# What you are asked to do:
Each line of the material, from the first through the one containing "- Flavor: Strawberry", is to be written out exactly.

# Data below:
═══

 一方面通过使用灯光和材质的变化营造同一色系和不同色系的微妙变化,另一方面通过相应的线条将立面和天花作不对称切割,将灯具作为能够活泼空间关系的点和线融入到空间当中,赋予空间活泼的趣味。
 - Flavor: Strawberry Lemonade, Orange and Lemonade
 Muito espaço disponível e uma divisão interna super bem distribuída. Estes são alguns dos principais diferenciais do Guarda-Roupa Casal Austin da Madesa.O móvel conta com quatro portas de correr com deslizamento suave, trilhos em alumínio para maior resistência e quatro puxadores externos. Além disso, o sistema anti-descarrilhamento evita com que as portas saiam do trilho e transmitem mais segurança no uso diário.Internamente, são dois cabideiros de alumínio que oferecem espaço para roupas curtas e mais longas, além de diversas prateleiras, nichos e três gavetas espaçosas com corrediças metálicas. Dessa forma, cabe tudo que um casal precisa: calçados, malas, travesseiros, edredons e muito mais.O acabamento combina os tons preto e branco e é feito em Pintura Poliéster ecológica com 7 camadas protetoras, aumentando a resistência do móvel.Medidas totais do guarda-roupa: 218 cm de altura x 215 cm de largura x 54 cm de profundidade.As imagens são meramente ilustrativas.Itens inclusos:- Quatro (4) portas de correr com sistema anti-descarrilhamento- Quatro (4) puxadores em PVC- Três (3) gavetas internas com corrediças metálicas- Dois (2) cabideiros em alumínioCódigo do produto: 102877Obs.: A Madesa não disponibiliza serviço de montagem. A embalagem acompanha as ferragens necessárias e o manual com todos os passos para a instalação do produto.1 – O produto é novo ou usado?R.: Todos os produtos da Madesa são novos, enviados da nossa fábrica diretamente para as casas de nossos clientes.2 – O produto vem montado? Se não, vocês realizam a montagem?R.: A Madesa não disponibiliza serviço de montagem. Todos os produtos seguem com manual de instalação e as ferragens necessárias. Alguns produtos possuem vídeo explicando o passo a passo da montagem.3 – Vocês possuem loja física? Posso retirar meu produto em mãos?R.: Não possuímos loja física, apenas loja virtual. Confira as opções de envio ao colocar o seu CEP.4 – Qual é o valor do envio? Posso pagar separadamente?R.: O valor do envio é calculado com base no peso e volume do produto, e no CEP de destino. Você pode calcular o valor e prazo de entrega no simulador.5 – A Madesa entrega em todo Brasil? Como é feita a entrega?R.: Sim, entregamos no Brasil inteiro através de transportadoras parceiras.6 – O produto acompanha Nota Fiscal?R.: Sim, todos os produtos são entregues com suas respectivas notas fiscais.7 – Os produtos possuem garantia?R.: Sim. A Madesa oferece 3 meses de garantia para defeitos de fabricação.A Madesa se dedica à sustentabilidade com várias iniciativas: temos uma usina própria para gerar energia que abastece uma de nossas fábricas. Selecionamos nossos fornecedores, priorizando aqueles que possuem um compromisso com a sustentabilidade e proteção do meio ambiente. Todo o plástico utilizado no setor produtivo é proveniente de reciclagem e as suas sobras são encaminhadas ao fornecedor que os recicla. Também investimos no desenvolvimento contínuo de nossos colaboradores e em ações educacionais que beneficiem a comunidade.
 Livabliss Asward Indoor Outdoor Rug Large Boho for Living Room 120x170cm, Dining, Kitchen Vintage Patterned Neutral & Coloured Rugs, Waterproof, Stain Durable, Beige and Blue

═══

# Worked solution:
 一方面通过使用灯光和材质的变化营造同一色系和不同色系的微妙变化,另一方面通过相应的线条将立面和天花作不对称切割,将灯具作为能够活泼空间关系的点和线融入到空间当中,赋予空间活泼的趣味。
 - Flavor: Strawberry Lemonade, Orange and Lemonade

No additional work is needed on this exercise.